Introduction into FB Prophet
Working with multiple Python Versions on Arch Linux
Issues with PyStan cannot get it - as a FBProphet dependency - installed on Python v3.9. So I had to add an older version:
sudo pacman -S yay
yay -S python37
Verify that you can use it - and your main version is not broken:
python --version
Python 3.9.7
python3.7 --version
Python 3.7.12
Setting up an Virtual Environment
Create a virtual environment using the Python version:
python3.7 -m venv venv
source venv/bin/activate
Verify that you get the older version from inside the environment:
python --version
Python 3.7.12
Installation
I created a dependency file to install everything in one go - but this would install the incorrect version of PyStan for FBProphet. Just pre-install the correct version by hand and the Prophet installer will skip this step and continue it's work:
pip install pystan==2.19.1.1
Since I am going to work in a jupyter notebook I also need to install and to make some preparation to have it use the old version of Python:
pip install ipykernel
python3.7 -m ipykernel install --user --name=prophet
Now I can create the dependencies.txt
file:
jupyter
pandas
plotly
matplotlib
fbprophet
And install it:
pip install -r dependencies.txt
Success! Getting to work now :)
Jupyter Notebook
Start the environment:
jupyter notebook
And create a new notebook using the iPyKernel created earlier:
Now I can check if my environment actually works by importing all the libraries I am going to need into my notebook:
import pandas as pd
import matplotlib.pyplot as pp
from fbprophet import Prophet
from fbprophet.diagnostics import cross_validation
from fbprophet.diagnostics import performance_metrics
from fbprophet.plot import plot_cross_validation_metric
When this cell runs without errors - you are good to go!
Importing Data
I want to use the Data on the daily number of new reported COVID-19 cases and deaths by EU/EEA country. I extracted countries of interest from the available Excel file and saved them into data/*.csv files. I can import them into the notebook with:
I brought in all columns into the Panda data frame. But for now I want to concentrate only on the mortality rate of covid - how many people have died from this disease that has changed all of our life as a percentage to the entire population of the country:
Prophet requires us to rename the columns:
# Rename date and value column names for Facebook Prophet
df.rename(columns = {
"dateRep": "ds",
"MortPercentage": "y"
}, inplace = True)
And we can take a look at our data by plotting it:
pp.style.use("ggplot")
graph = df.set_index("ds").plot(figsize=(20,10))
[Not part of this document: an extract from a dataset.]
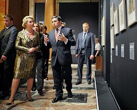 Супруга президента России Светлана Медведева (в центре) и управляющий директор фонда "Гала-Сальвадор Дали" Хуан Мануэль Севильяно Комполанс (справа) на церемонии открытия выставки испанского художника Сальвадора Дали из собрания Фонда "Гала - Сальвадор Дали" в Государственном музее изобразительных искусств (ГМИИ) имени А.С.Пушкина.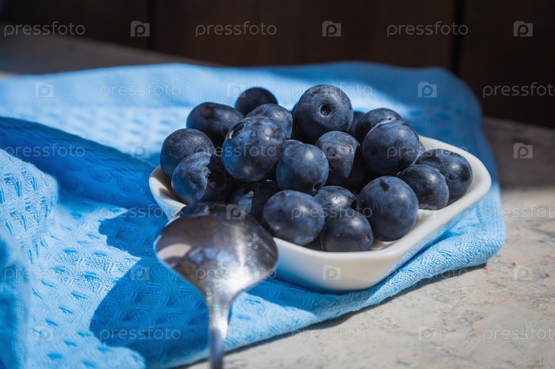 Утренний свежий завтрак со свежей черникой. Черника в белом блюдце на синем фоне

graph.set_title("Relative Mortality - COVID19")
graph.set_xlabel("Date")
graph.set_ylabel("Death rel. to Population [%]")
pp.show()
The data is almost a flat line for most of the pandemic with a stark increase at the beginning of 2022 (delayed deaths after the holidays? Early Omicron effect?). And it looks identical to the graph I am getting for all the EU countries I tested. It is not ideal to train a prediction model on.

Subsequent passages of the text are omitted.